ABOUT THIS EXERCISE
With the exception of the pictures, write out the data below precisely.

THE RECORDS
^^^^

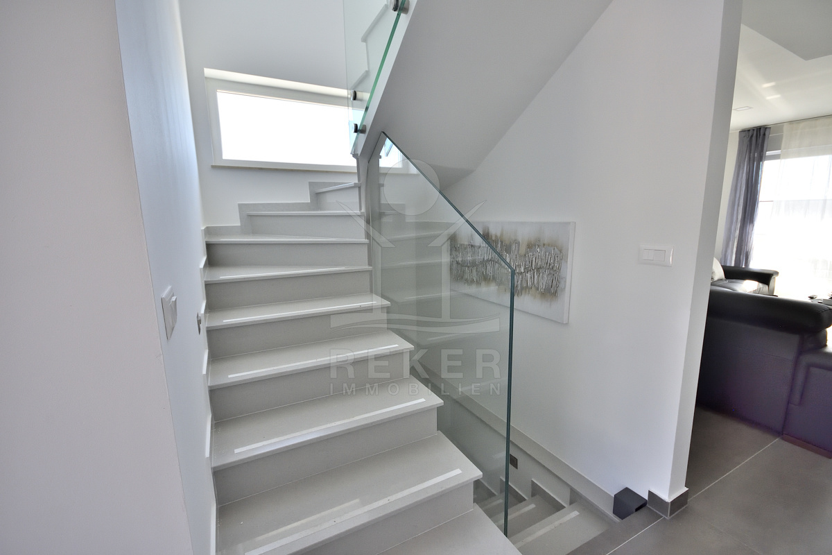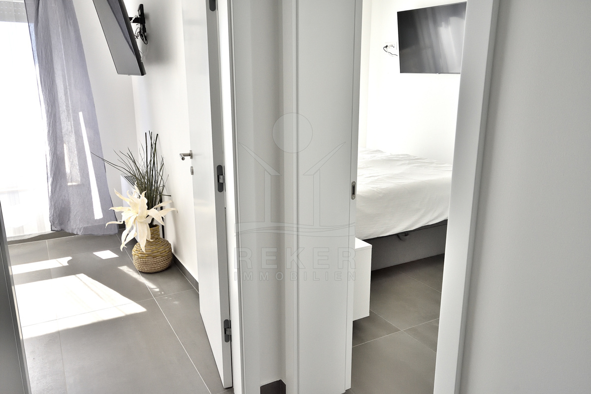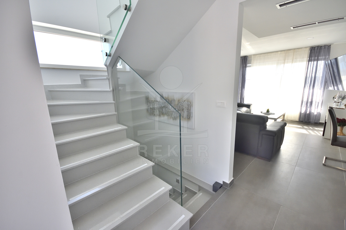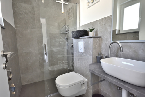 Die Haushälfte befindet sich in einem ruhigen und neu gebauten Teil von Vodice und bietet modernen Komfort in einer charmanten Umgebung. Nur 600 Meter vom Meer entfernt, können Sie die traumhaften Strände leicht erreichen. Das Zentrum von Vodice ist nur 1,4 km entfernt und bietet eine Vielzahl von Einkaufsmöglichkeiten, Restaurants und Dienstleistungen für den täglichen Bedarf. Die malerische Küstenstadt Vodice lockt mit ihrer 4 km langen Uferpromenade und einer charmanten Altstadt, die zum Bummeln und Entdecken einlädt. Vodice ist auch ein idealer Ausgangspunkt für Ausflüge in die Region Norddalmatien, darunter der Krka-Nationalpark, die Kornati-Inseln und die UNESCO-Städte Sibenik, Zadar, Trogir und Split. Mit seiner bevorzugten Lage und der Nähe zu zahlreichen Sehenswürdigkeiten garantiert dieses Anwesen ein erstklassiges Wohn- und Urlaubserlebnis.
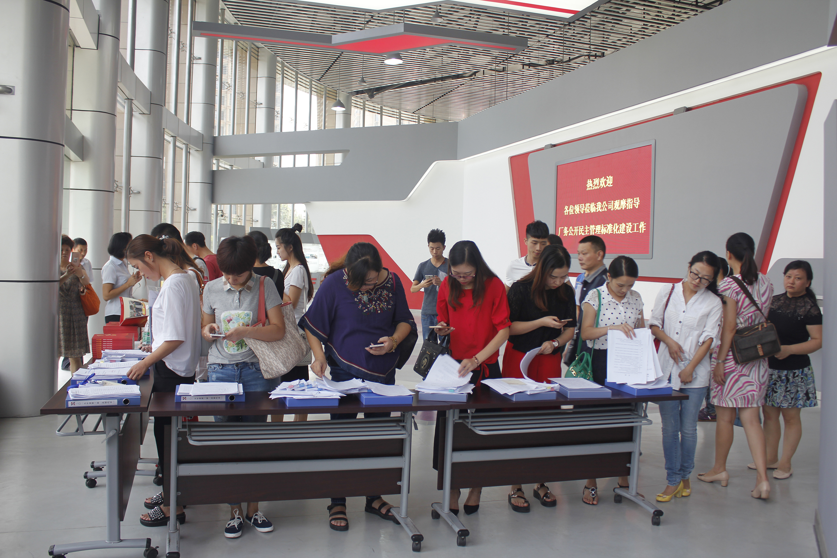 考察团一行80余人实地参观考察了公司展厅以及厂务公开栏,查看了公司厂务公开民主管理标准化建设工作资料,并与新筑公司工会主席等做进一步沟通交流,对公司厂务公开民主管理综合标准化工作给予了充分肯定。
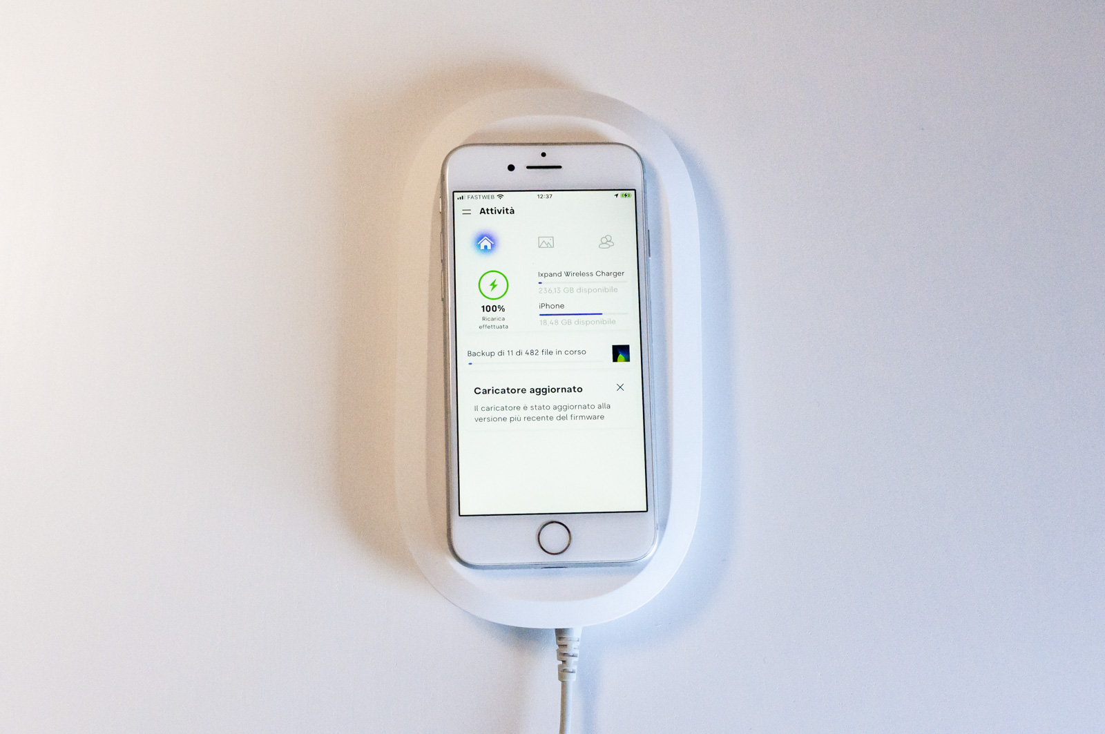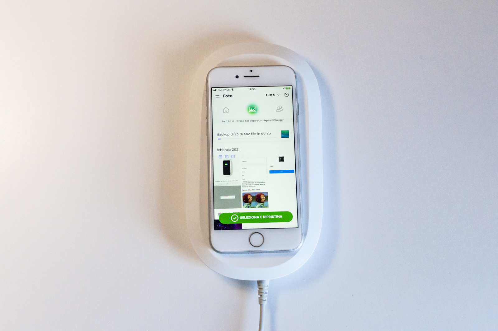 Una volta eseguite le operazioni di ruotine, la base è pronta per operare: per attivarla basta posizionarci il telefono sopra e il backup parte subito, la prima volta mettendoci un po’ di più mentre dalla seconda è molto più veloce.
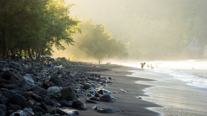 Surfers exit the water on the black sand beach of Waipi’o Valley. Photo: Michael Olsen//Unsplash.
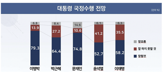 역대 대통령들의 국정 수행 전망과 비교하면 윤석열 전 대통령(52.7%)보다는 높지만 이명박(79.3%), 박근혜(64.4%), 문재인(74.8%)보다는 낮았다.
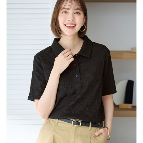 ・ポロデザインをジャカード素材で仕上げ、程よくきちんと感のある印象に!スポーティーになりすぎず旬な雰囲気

^^^^

OUTPUT OF THE EXERCISE
 Die Haushälfte befindet sich in einem ruhigen und neu gebauten Teil von Vodice und bietet modernen Komfort in einer charmanten Umgebung. Nur 600 Meter vom Meer entfernt, können Sie die traumhaften Strände leicht erreichen. Das Zentrum von Vodice ist nur 1,4 km entfernt und bietet eine Vielzahl von Einkaufsmöglichkeiten, Restaurants und Dienstleistungen für den täglichen Bedarf. Die malerische Küstenstadt Vodice lockt mit ihrer 4 km langen Uferpromenade und einer charmanten Altstadt, die zum Bummeln und Entdecken einlädt. Vodice ist auch ein idealer Ausgangspunkt für Ausflüge in die Region Norddalmatien, darunter der Krka-Nationalpark, die Kornati-Inseln und die UNESCO-Städte Sibenik, Zadar, Trogir und Split. Mit seiner bevorzugten Lage und der Nähe zu zahlreichen Sehenswürdigkeiten garantiert dieses Anwesen ein erstklassiges Wohn- und Urlaubserlebnis.
 考察团一行80余人实地参观考察了公司展厅以及厂务公开栏,查看了公司厂务公开民主管理标准化建设工作资料,并与新筑公司工会主席等做进一步沟通交流,对公司厂务公开民主管理综合标准化工作给予了充分肯定。
 Una volta eseguite le operazioni di ruotine, la base è pronta per operare: per attivarla basta posizionarci il telefono sopra e il backup parte subito, la prima volta mettendoci un po’ di più mentre dalla seconda è molto più veloce.
 Surfers exit the water on the black sand beach of Waipi’o Valley. Photo: Michael Olsen//Unsplash.
 역대 대통령들의 국정 수행 전망과 비교하면 윤석열 전 대통령(52.7%)보다는 높지만 이명박(79.3%), 박근혜(64.4%), 문재인(74.8%)보다는 낮았다.
 ・ポロデザインをジャカード素材で仕上げ、程よくきちんと感のある印象に!スポーティーになりすぎず旬な雰囲気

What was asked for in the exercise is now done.